ABSTRACT: Tilapia masculinization can be induced by oral administration of α-methyltestosterone (MT), which is commonly dissolved in ethanol to be added to the feed. However, there are many benefits in using alternative vehicles, such as oil. The incorporation time, vehicles quantity, safety for handlers, fish and the environment are favorable factors. In fry fed for 35 days under temperature control, we found that masculinization rate was similar in both incorporation vehicles of MT (oil or ethanol) in the concentrations studied (30 and 60 mg MT kg-1 feed). In an experiment, using hormone oil dissolution and oral administration at 30 mg MT kg-1 feed, it was observed that the longer the administration time, the lower the coefficient of variation in the masculinization rate. Therefore, administration for 32 days showed the lowest variability in the masculinization rate (99.8 ± 0.5 %), compared to 24 (98.5 ± 3.0 %), 16 (97.0 ± 6.0 %) and 8 (89.0 ± 8.8 %) days. The field experiment confirmed the results obtained in the lab. We concluded that the oil can be used as MT vehicle and we recommend to dispense it at the lowest hormonal concentration (30 mg MT kg-1 feed) for 32 days for tilapia masculinization.

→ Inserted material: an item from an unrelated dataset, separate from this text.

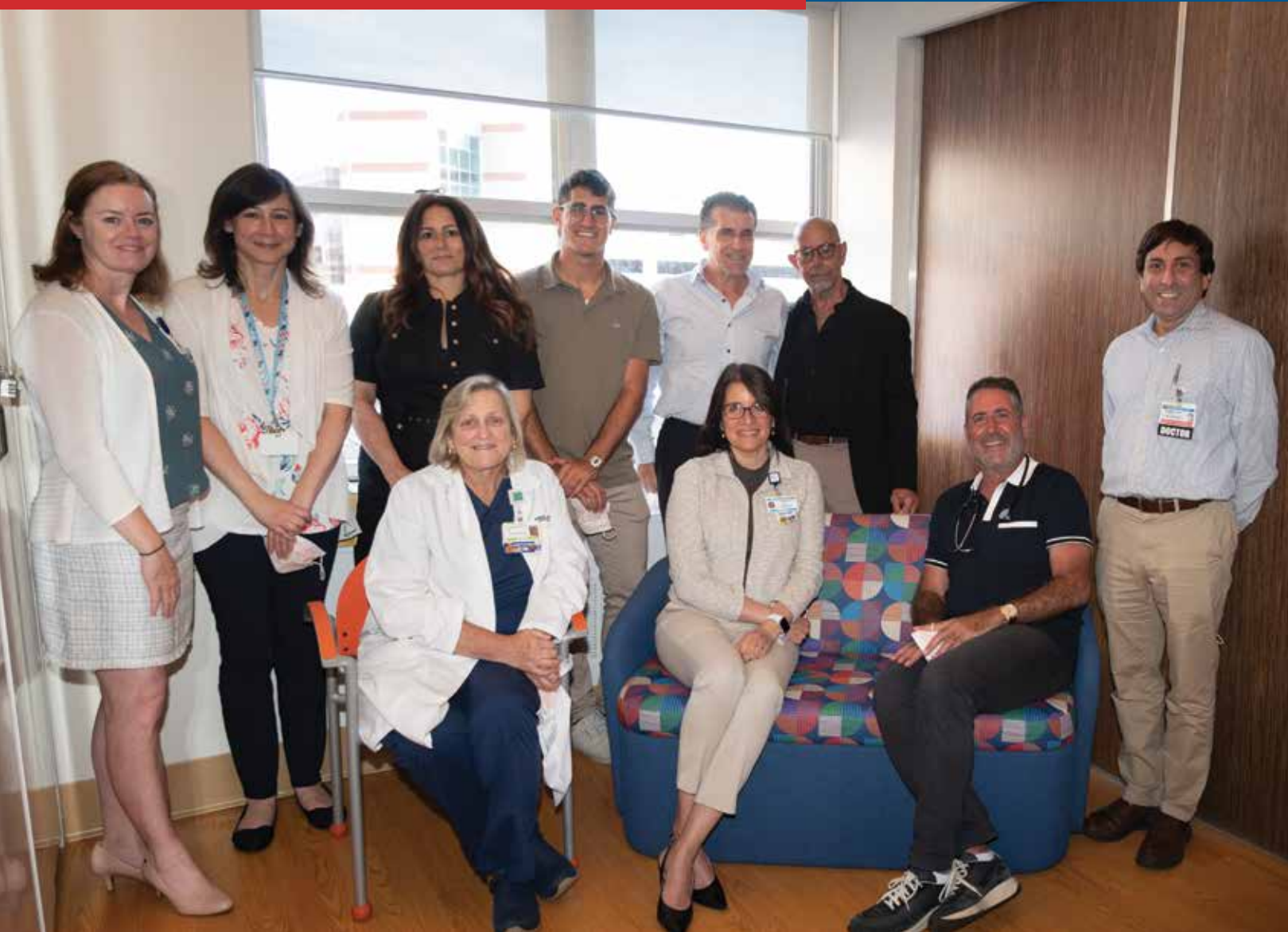
GATHERING IN THE EZRA ABRAHAM TO LIFE FOUNDATION LIVING ROOM:

To make a donation or to learn more about the ways you can be involved, please contact us at 732.923.6886 or go to monmouthgiving.org

Keywords: Sex reversal, hormone dilution, vehicle, hormone incorporation, Oreochromis niloticus.
AQUACULTURE
Concentration and time of feeding with 17-α-methyltestosterone oil diluted and incorporated to the feed for masculinization of Nile tilapia
Tarcila Souza de Castro Silva tarcila.silva@embrapa.br
Received: 04 February 2022
Accepted: 12 July 2023
Nile tilapia (Oreochromis niloticus) is regarded as one of the most important aquaculture species that must be studied for the improvement of the several available production systems, since it is within the capacity of the consumers around the globe in terms of nutritional value and prices (Amer, El-Nabawy, Gouda, & Dawood, 2021; Food and Agriculture Organization [FAO], 2018). The presence of female tilapia in the production systems is undesired, since it can lead to overpopulations of unevenly sized fish in the production units, due to the deviation of growth energy for gonadal development and reproduction, thus tilapia females do not grow as valuable as males (Pandian & Sheela, 1995; Homklin, Ong, & Limpiyakorn, 2012; El-Greisy & El-Gamal, 2012; El-Sayed, 2006). In addition, its rapid proliferation harms the final production because of competition for food and oxygen, causing heterogeneity of the population (Popma & Green, 1990). Therefore, higher yields and more uniformly-sized fish are obtained in production by the use of all-male tilapia.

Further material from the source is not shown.